Regexp Help

Hi,

I am looking for a way to do the following:

I have some html in strings, mostly links (i.e. <a
href="http://mysite.com">). I need to delete these lines. I've been
trying to do this, but it's not working out:

question.gsub! ("<a href=\"\/([.]+)\/\" >$/i", "")
or also: question.gsub! ("<a href=\"\/([a-zA-z0-9]+)\/\" >$/i", "")

(and various permutations of these two).

How would one go about this?

Thanks,
Jillian

···

--
Posted via http://www.ruby-forum.com/.

Jillian Kozyra wrote:

Hi,

I am looking for a way to do the following:

I have some html in strings, mostly links (i.e. <a
href="http://mysite.com">). I need to delete these lines. I've been
trying to do this, but it's not working out:

question.gsub! ("<a href=\"\/([.]+)\/\" >$/i", "")
or also: question.gsub! ("<a href=\"\/([a-zA-z0-9]+)\/\" >$/i", "")

(and various permutations of these two).

How would one go about this?

Thanks,
Jillian

q = 'Hello <a href="http://mysite.com">world<a
href="http://mysite.com">.'

result = q.gsub(/<a.*?>/, "")
puts result

--output:--
Hello world.

···

--
Posted via http://www.ruby-forum.com/\.

Why not =>

irb(main):001:0> require 'nokogiri'
  => true
irb(main):002:0> doc = Nokogiri::HTML(<<-eohtml)
irb(main):003:1" <html>
irb(main):004:1" <body>
irb(main):005:1" <a href="http://mysite.com">Bla</a>
irb(main):006:1" </body>
irb(main):007:1" </html>
irb(main):008:1" eohtml

doc.xpath('//a')[0].attributes["href"].to_s
  => "http://mysite.com"

http://tenderlovemaking.com/2008/10/30/nokogiri-is-released/
Cheers

···

On 28.07.2009, at 08:12, Jillian Kozyra wrote:

Hi,

I am looking for a way to do the following:

I have some html in strings, mostly links (i.e. <a
href="http://mysite.com">). I need to delete these lines. I've been
trying to do this, but it's not working out:

question.gsub! ("<a href=\"\/([.]+)\/\" >$/i", "")
or also: question.gsub! ("<a href=\"\/([a-zA-z0-9]+)\/\" >$/i", "")

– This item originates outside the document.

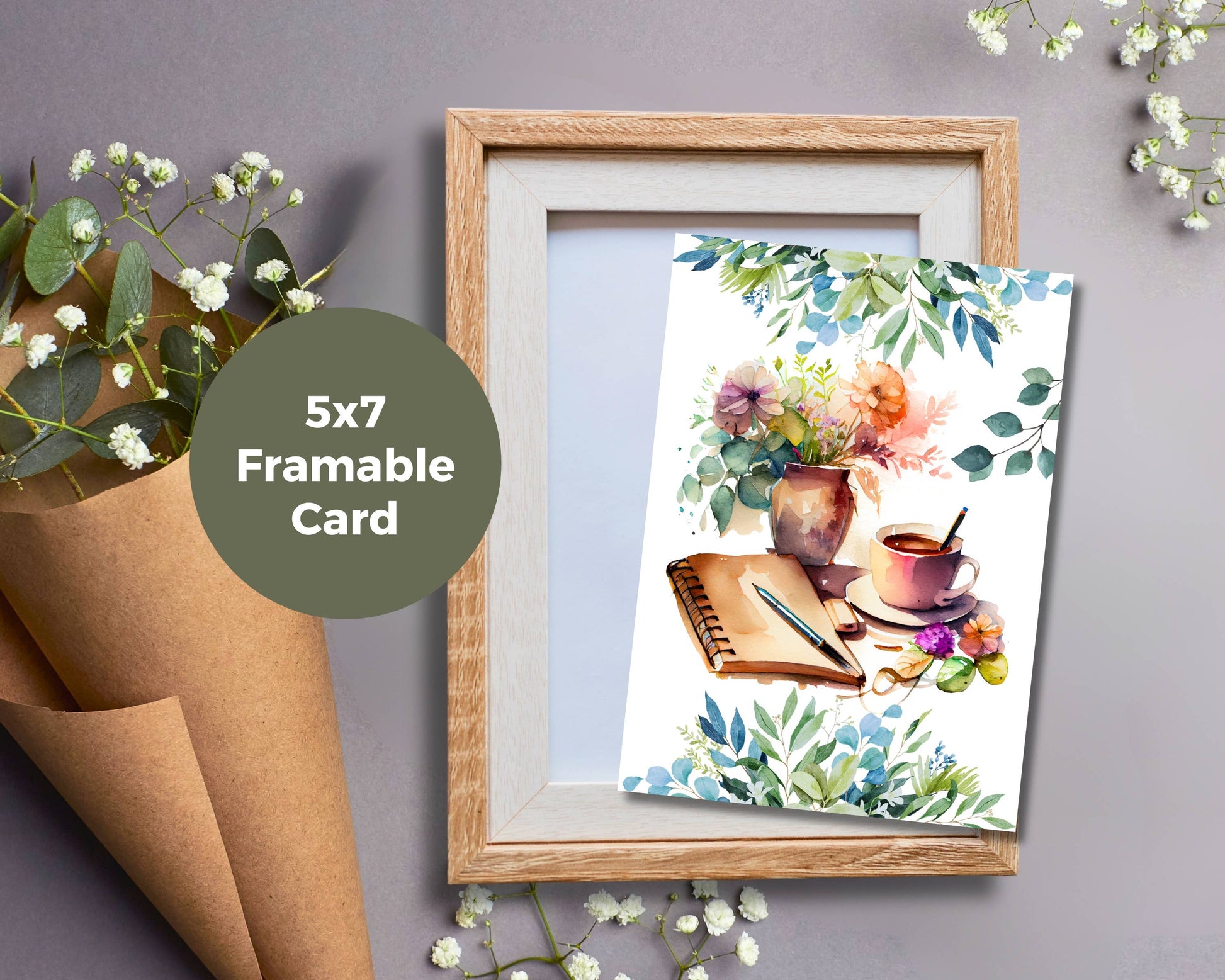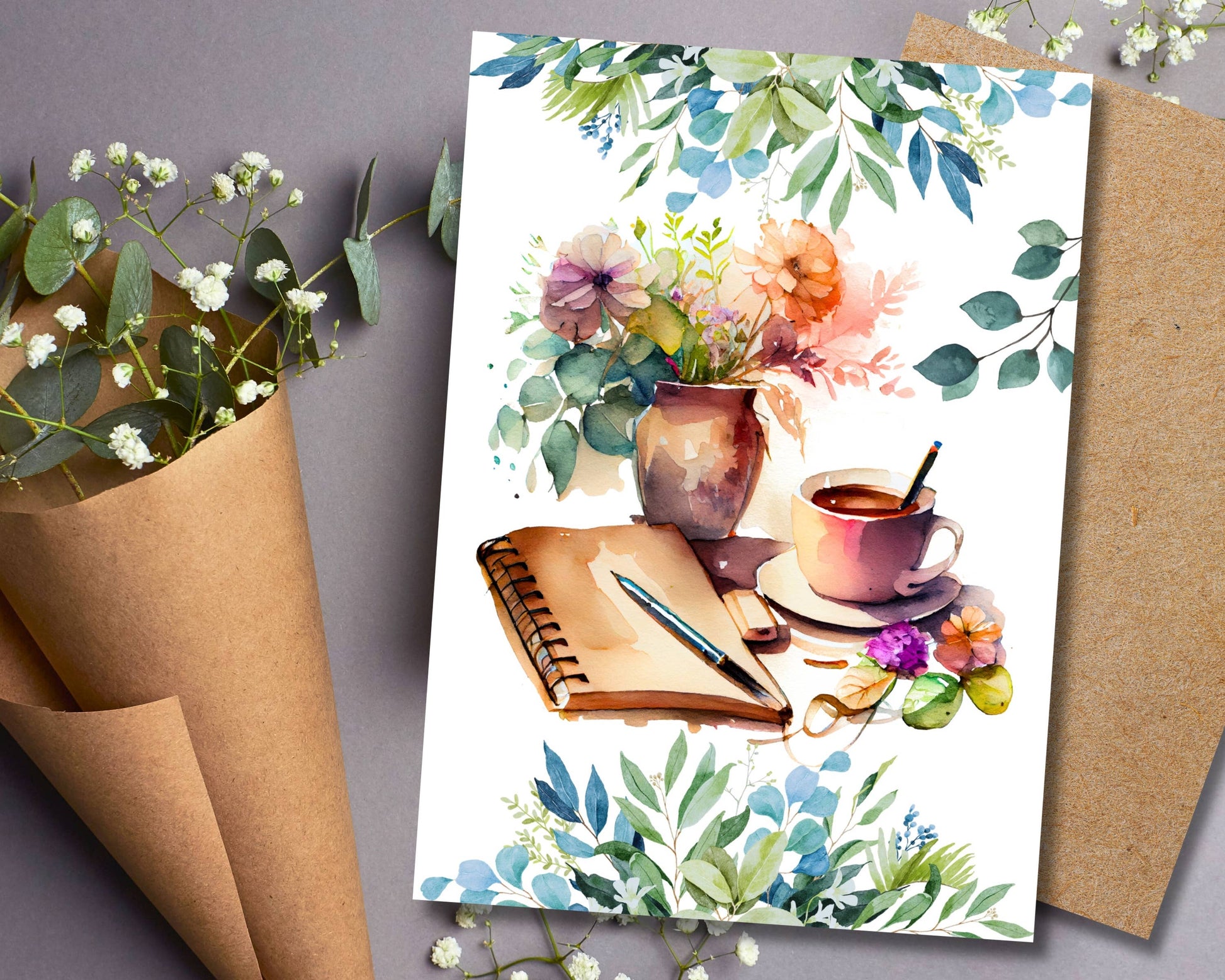 Introducing our charming watercolor greeting card featuring a beautifully illustrated floral journal nestled under an umbrella of lush green foliage. This exquisite design captures the delicate beauty of nature, making it perfect for any occasion. Printed on premium quality cardstock, the card ensures a luxurious feel and lasting impression.
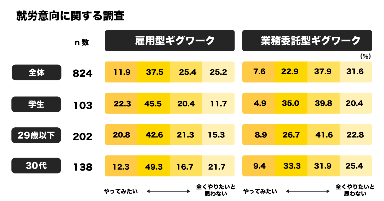 「雇用型ギグワーク」への就労意向は49%と、「業務委託型ギグワーク」の就労意向31%よりも高い結果になり、特に学生・20代以下・30代の若い層では好意的にうけとめられていました。(学生=68%、20代以下=63%、30代=61%)

(and various permutations of these two).

How would one go about this?

Thanks,
Jillian
--
Posted via http://www.ruby-forum.com/\.

I would write like

result = q.gsub(/<[^>]*>/, "")

Thanks

Actually, doc.content would do what the op requested.

Ray

···

On Tue, Jul 28, 2009 at 10:20 AM, Kai König <kai@kairichardkoenig.com>wrote:

Why not =>

doc.xpath('//a')[0].attributes["href"].to_s
=> "http://mysite.com"